**WHAT YOU ARE ASKED TO DO:** Please repeat every entry exactly as given, apart from dropping the images.

**DATA SHOWN:**

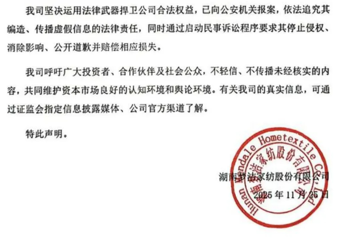 11月25日, 梦洁股份 发布严正声明,称陈洁相关言论均为“主观臆断与恶意捏造”,与公司实际经营情况、内部管理流程及高管履职行为严重不符,并表示已向GA机关报案。
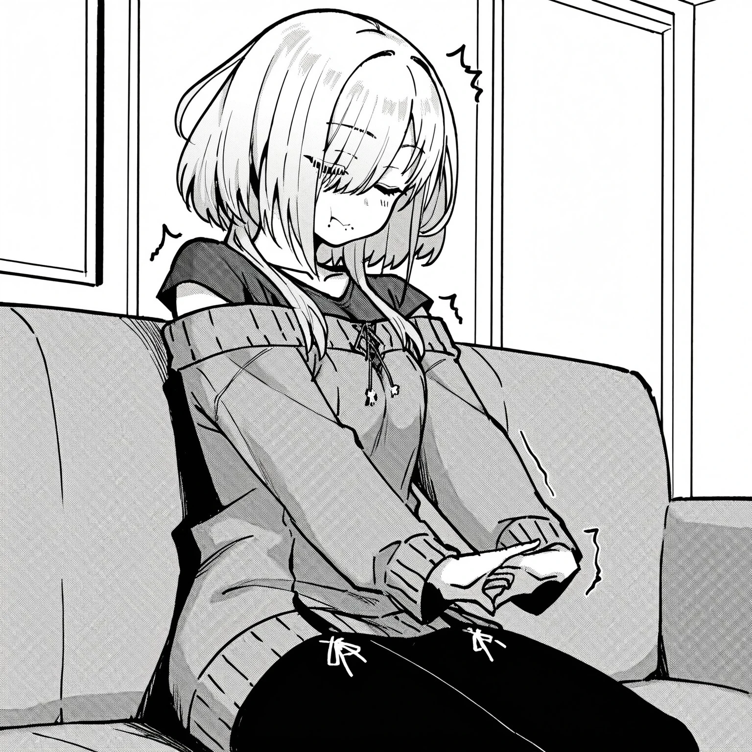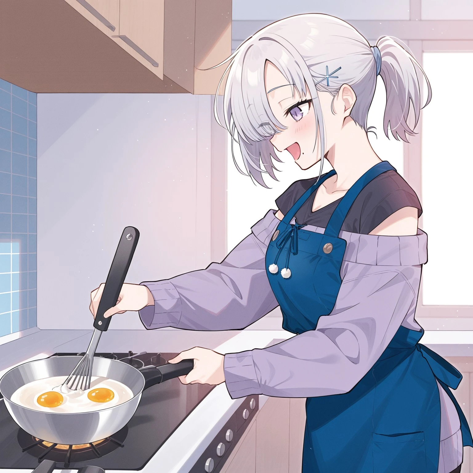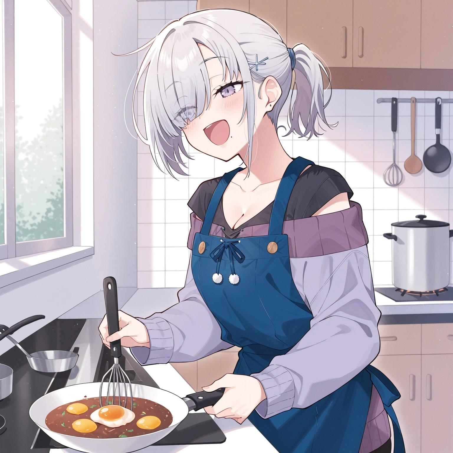 3. ritshome, ponytail, apron, pantyhose, sweater, off shoulder, pants, long sleeves
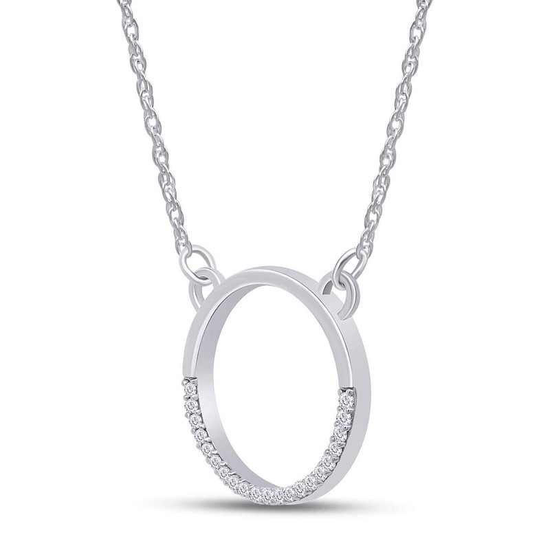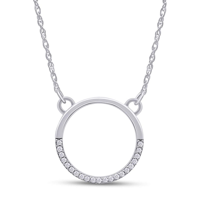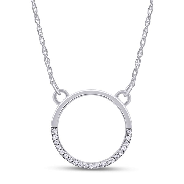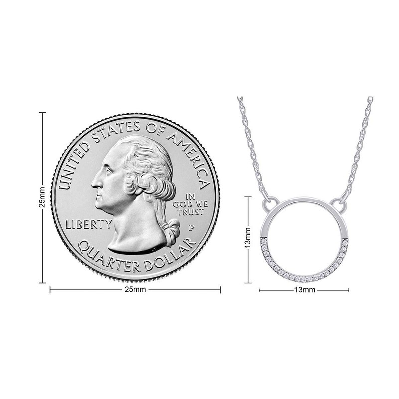 - This Open Circle Pendant Necklace Adds A Touch Of Nature-Inspired Beauty To Your Look In 14k White Gold Plated 925 Sterling Silver Makes a Standout Addition to Your Collection With 0.05 Carat (Cttw) Round Shape White Natural Diamond Accent. This Pendant Necklace are best gift idea for your loved ones, simple and perfect sized for everyday wear or any occasions.
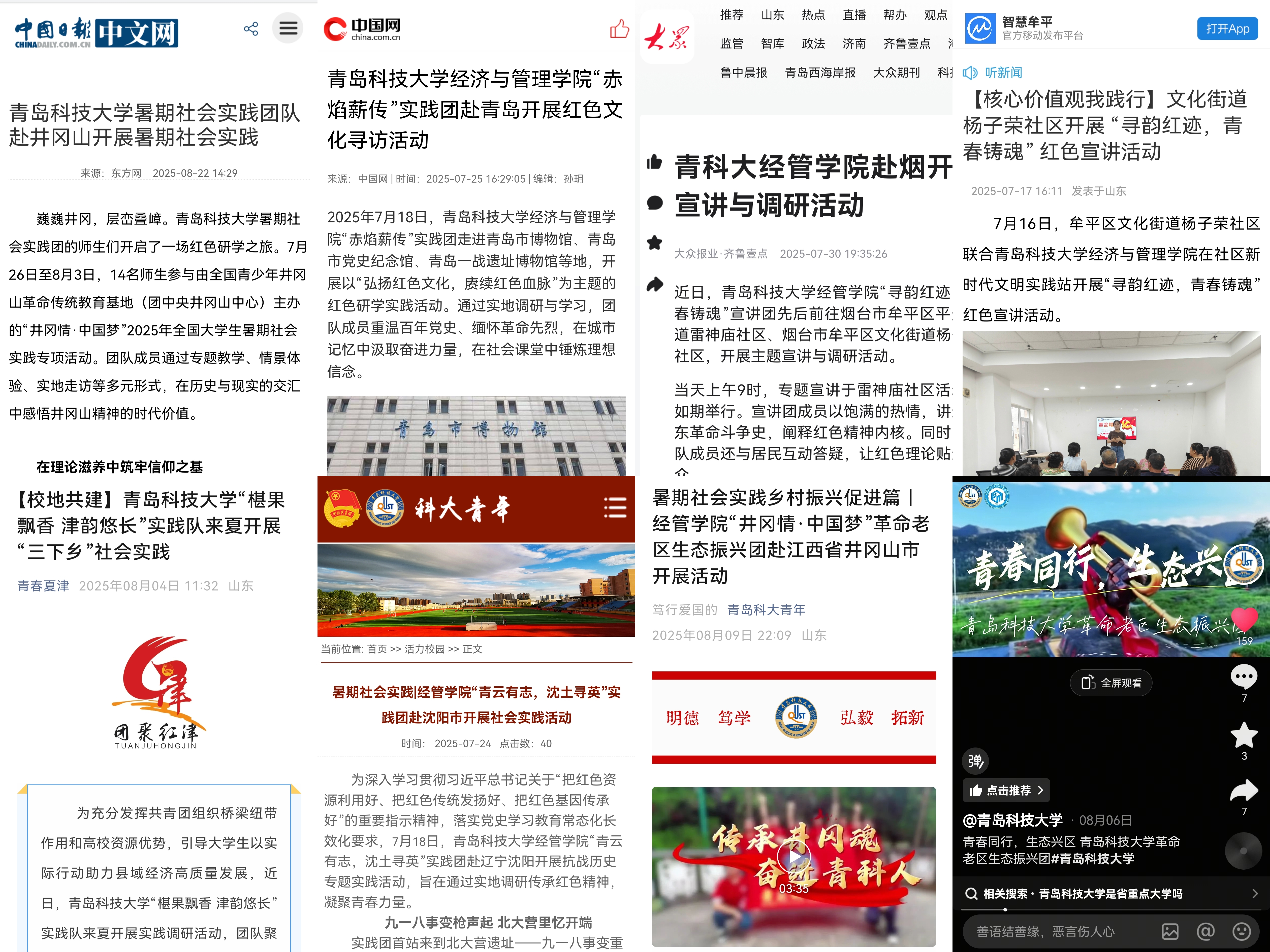 为深入学习贯彻习近平新时代中国特色社会主义思想,引导青年学生在社会实践中厚植家国情怀、提升综合素养,2025年7月至8月,经管学院组织80余支实践团队(含省级重点团队3支、团中央专项团队1支)共715名师生分赴全国28个省份,围绕乡村振兴调研、基层治理观察、文化遗产保护、精神谱系传承等主题开展“三下乡”社会实践活动。实践活动覆盖乡村基层、社区、学校等场所86个,获地方政府、合作单位高度评价,相关事迹被中国网、大众网、地方政务媒体累计报道119篇次。
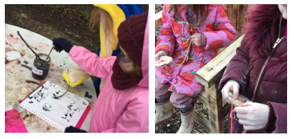 We also observed many wonderful examples of children demonstrating teamwork skills. One pair of boys worked together to carry a very heavy bucket of water—still exactly where they had hidden it the week before!—across the boggy ground. In another class, a group of children collaborated brilliantly to balance branches as they constructed a den.
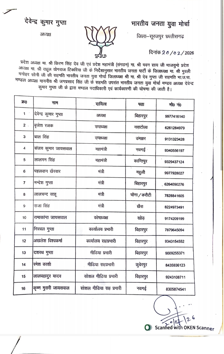 गठन इन कार्यकर्ताओं को सौंपा गया यह जिम्मेदारियां जाने किसको मिली कौनसा पद और कौन जिम्मेदारी सौंपी गई है बृजेश रजक एवं बाल सिंह को युवा मोर्चा मंडल बिहरपुर उपाध्यक्ष की कमान सौपी गई है संजय कुमार जयसवाल लाल मन सिंह को युवा मोर्चा मंडल महामंत्री की कमान सौंपी गई है पहलवान खैरवार मंनदेश गुप्ता लालचंद साहू राजा सिंह को मंत्री पद का दायित्व दी गई है|

**YOUR RESPONSE:**
 11月25日, 梦洁股份 发布严正声明,称陈洁相关言论均为“主观臆断与恶意捏造”,与公司实际经营情况、内部管理流程及高管履职行为严重不符,并表示已向GA机关报案。
 3. ritshome, ponytail, apron, pantyhose, sweater, off shoulder, pants, long sleeves
 - This Open Circle Pendant Necklace Adds A Touch Of Nature-Inspired Beauty To Your Look In 14k White Gold Plated 925 Sterling Silver Makes a Standout Addition to Your Collection With 0.05 Carat (Cttw) Round Shape White Natural Diamond Accent. This Pendant Necklace are best gift idea for your loved ones, simple and perfect sized for everyday wear or any occasions.
 为深入学习贯彻习近平新时代中国特色社会主义思想,引导青年学生在社会实践中厚植家国情怀、提升综合素养,2025年7月至8月,经管学院组织80余支实践团队(含省级重点团队3支、团中央专项团队1支)共715名师生分赴全国28个省份,围绕乡村振兴调研、基层治理观察、文化遗产保护、精神谱系传承等主题开展“三下乡”社会实践活动。实践活动覆盖乡村基层、社区、学校等场所86个,获地方政府、合作单位高度评价,相关事迹被中国网、大众网、地方政务媒体累计报道119篇次。
 We also observed many wonderful examples of children demonstrating teamwork skills. One pair of boys worked together to carry a very heavy bucket of water—still exactly where they had hidden it the week before!—across the boggy ground. In another class, a group of children collaborated brilliantly to balance branches as they constructed a den.
 गठन इन कार्यकर्ताओं को सौंपा गया यह जिम्मेदारियां जाने किसको मिली कौनसा पद और कौन जिम्मेदारी सौंपी गई है बृजेश रजक एवं बाल सिंह को युवा मोर्चा मंडल बिहरपुर उपाध्यक्ष की कमान सौपी गई है संजय कुमार जयसवाल लाल मन सिंह को युवा मोर्चा मंडल महामंत्री की कमान सौंपी गई है पहलवान खैरवार मंनदेश गुप्ता लालचंद साहू राजा सिंह को मंत्री पद का दायित्व दी गई है|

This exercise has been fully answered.